Von Dr.-Ing. H. Reissner,
Berlin.
(Fortsetzung von S. 666 d. Bd.)
Nordamerikanische Eisenbauwerkstätten.
Die nächste Abteilung der Werkstätte hat die leichten Eisenkonstruktionen des
Hochbaues und der Wegebrücken zu erledigen, die nächstschwierigere Art von Arbeit,
bei der es sich um leichte Stücke und demzufolge auch leichte Maschinen und Krähne
handelt und die Nacharbeitungsmaschinen, wie Nachreiber, Bohrer und
Hobelmaschinen nicht in Anwendung kommen, sondern höchstens einige Fräsmaschinen zum
Abarbeiten von Säulenfüssen zwecks guten Flächenlagers auf Grundplatte.
Die sorgfältigste und schwerste Arbeit wird von der Abteilung für
Eisenbahnbrücken erledigt.

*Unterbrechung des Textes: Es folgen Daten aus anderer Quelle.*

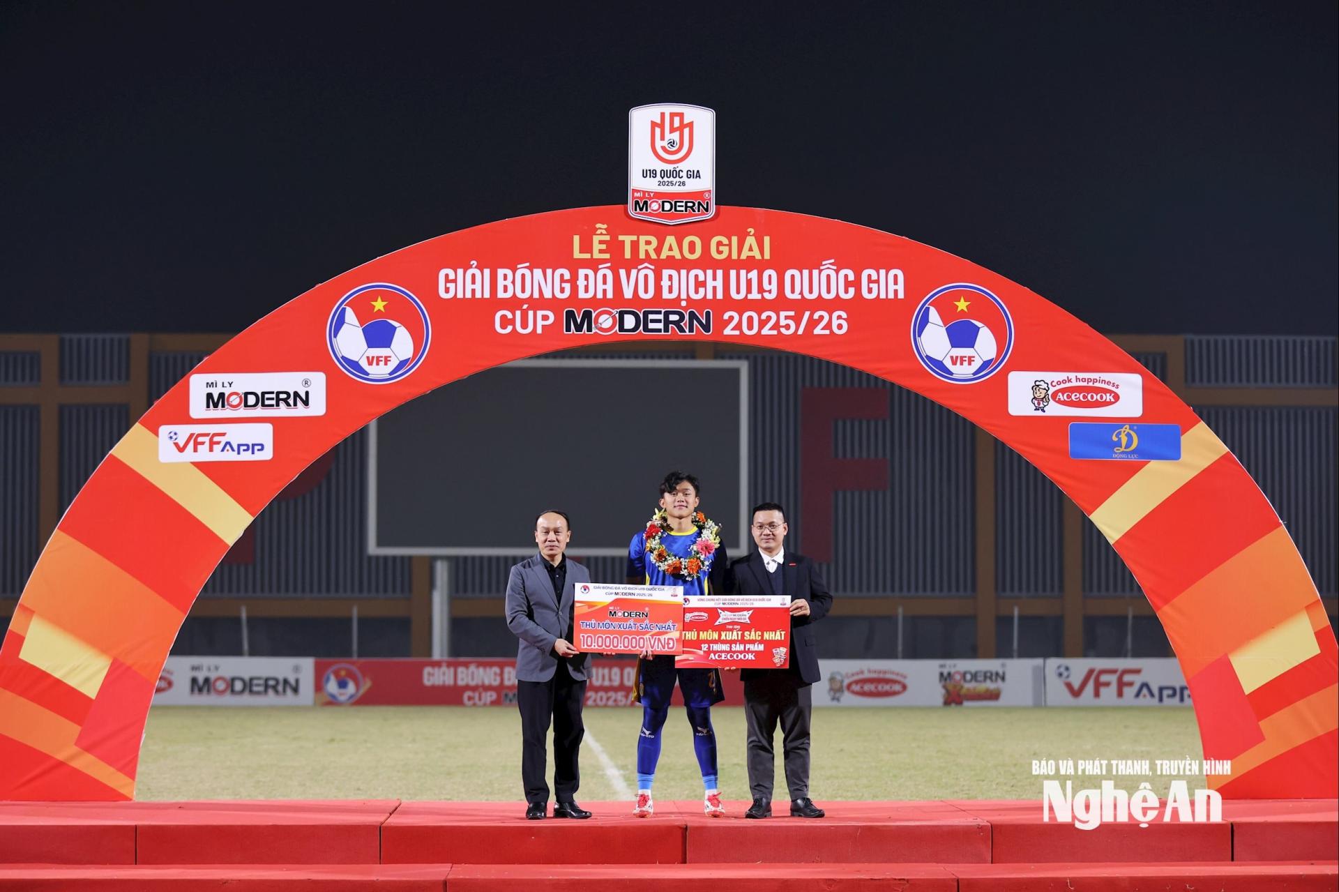 | Cũng tại buổi lễ bế mạc giải, BTC đã trao danh hiệu Thủ môn xuất sắc nhất cho Nguyễn Bảo Ngọc - U19 SLNA. Ảnh: Đức Anh |
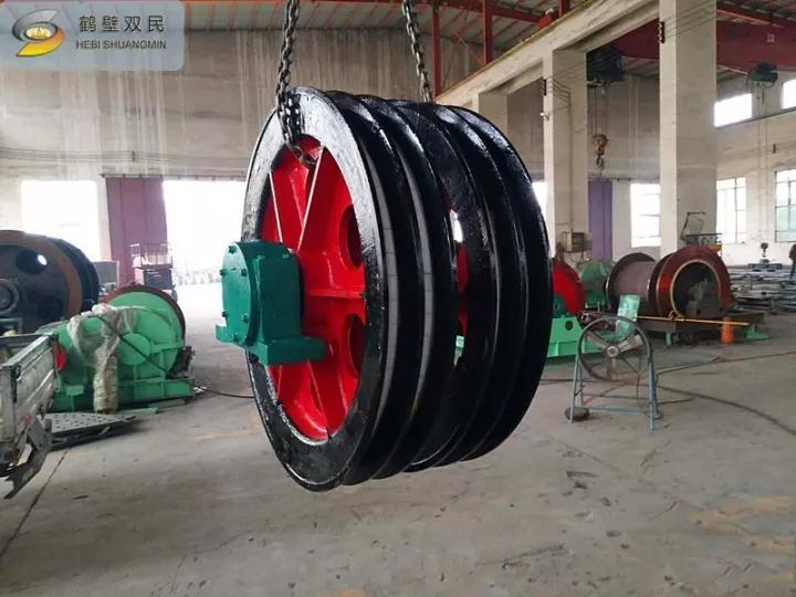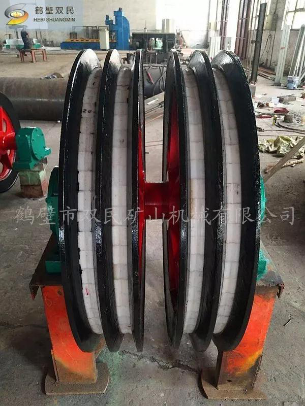 天輪由軸、天輪、滾動軸承、軸承座等組成, 一個天輪固定在軸上,稱為固定天輪,其余天輪其輪轂內(nèi)嵌一個銅套,活裝在軸上,對軸可作相對轉(zhuǎn)動,以消除因各條提升鋼絲繩的速度差對天輪的滑動摩擦。

Hier handelt es sich um grössere Blechstärken und
Profile, die Nietlöcher sind nachzubohren, Grate abzufasen, wichtige Blechkanten
sind zu hobeln, die stärkeren durch mehr Dicken hindurchgehenden Niete erfordern
stärkere Maschinen, Bolzenlöcher sind nachzubohren, Druckstäbe durch Fräsen
aufeinander zu passen, und schwerere Krähne sind erforderlich, um die fertigen
Konstruktionen aufzuladen.
Textabbildung Bd. 320, S. 727
Fig. 19. Lochwerk mit selbsttätigem Teiltisch, Bauart Conley. Ansicht und
Längsschnitt.
Vielfachteilungsstanzen.
Beiden Werkstattabteilungen gemeinsam sind die Vielfachteilungsstanzen für die Winkel
und Stegbleche der Säulen der Eisengerüstbauten, der genieteten Blechträger und der
Gurtstäbe von Fachwerkbrücken. Die Teilungsstanzen haben den Zweck, das Ankörnen der
Nietlöcher dadurch entbehrlich zu machen, dass der Vorschub des Bleches oder der
Winkel auf die Längsnietteilung, und die Reihe von vorhandenen Stempeln und Matrizen
(4 bis 20) auf die Quernietteilung eingestellt werden können. Aufgabe des
Zeichenbureaus ist es, die Nietteilung in der Längsrichtung möglichst einfach zu
gestalten, in der Querrichtung der immerhin beschränkten Querverschieblichkeit der
Stempel anzupassen. Verfasser hat drei Arten von Teilungsstanzen in Gebrauch
gesehen.
Die einfachste Art ist diejenige, bei der die zu bohrenden Profile, etwa zwei Winkel,
an einem Wagen festgeklemmt sind, der auf einem ihrer Länge entsprechenden, vor der
Stanze sich befindenden Tisch rollt. Auf dem Tisch ist ein Holzstreifen befestigt,
auf dem die Längennietteilung in richtiger, die Quernietteilung im verkürzten
Masstab durch Striche angezeichnet sind. An dem Wagen befindet sich ein Zeiger, der
nacheinander auf diese Striche dadurch eingestellt wird, dass ersterer durch ein
Speichenrad bis zum nächsten Strich weitergerollt wird. Die seitliche Nietteilung
wird durch Ein- und Ausrücken und Querverschiebung der Stempel bewirkt. Hier wird
also noch in gewisser Weise von der Holzschablone Gebrauch gemacht, auf der
besonders, wenn sie durch Gebrauch schmutzig wird, natürlich die Striche schlechter
als die sonst benutzten Körnerlöcher zu sehen sind.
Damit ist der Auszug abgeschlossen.